ヘッド面を2000番で研磨して半つや消しにしました。
1弦解放は弦溝が深くなって1フレットと近くなっていることが原因だったようで、応急処置でかさ上げしたら良くなりました。 オーナー様としてもOKだそうです。
逆に今度は3弦の開放がシャラーンとした倍音が少ないことが気になりだしたそうです。 ストラトやテレキャスターでよく見ますが3弦解放にきらめき感がないギターってよくありますよね。

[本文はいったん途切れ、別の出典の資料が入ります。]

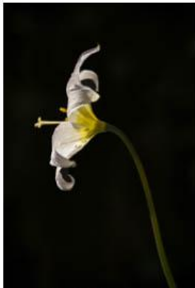
9-Bathed in Light-Sonya Lang

弦をサドルやナットの溝から持ち上げても、チューニングをレギュラーにしてもヘッドにオモリを付けても変わらないのでフレットのすり合わせやナット交換のときに良くなることがあるかもしれませんが、特に解決する方法は今のところ見つかりませんでした。
3弦ってベースもギターも鬼門ですよね。フェンダー型のベースの場合、ナット上で角度がつきにくくて、巻き回数が少ないとヘッド側へ振動が逃げがちです。
ギターの場合、一番太いプレーン弦なわけですが、仕様としてギリギリなのかも知れませんね。 サドルやナット上で角度が付きすぎるとその太さ故に曲がりきれなくて3弦だけ弦高が上がるというアンバランスも起きやすいです。
うちにあったバーブリッジを付けてみました。 やはり1弦解放の音の感じはそんなに変わりません。
1弦のナット溝を応急修理してどのくらい変わるかオーナー様に弾いてもらいましょう。
炭酸カルシウムの粉で埋めます。
これで適切な隙間ができました。
もともとこのネックはローポジションから先にロッドが効いていく傾向がややあるので、ハイポジションの順反りを直しすぎるとローポジションの弦とフレットの隙間が狭くなることになります。
ネックの微妙な反り、微妙なフレットの頂点の不揃いさ、ナットの弦溝のアンバランスな減り。 全部気にするほどでもない軽度なものですが、弦高を下げていくと気になるという感じかも知れませんね。
応急処置で一度弾いてみてもらって、ゆくゆくフレットのすり合わせやナット交換などをするときに備えて、参考にしていただきましょう。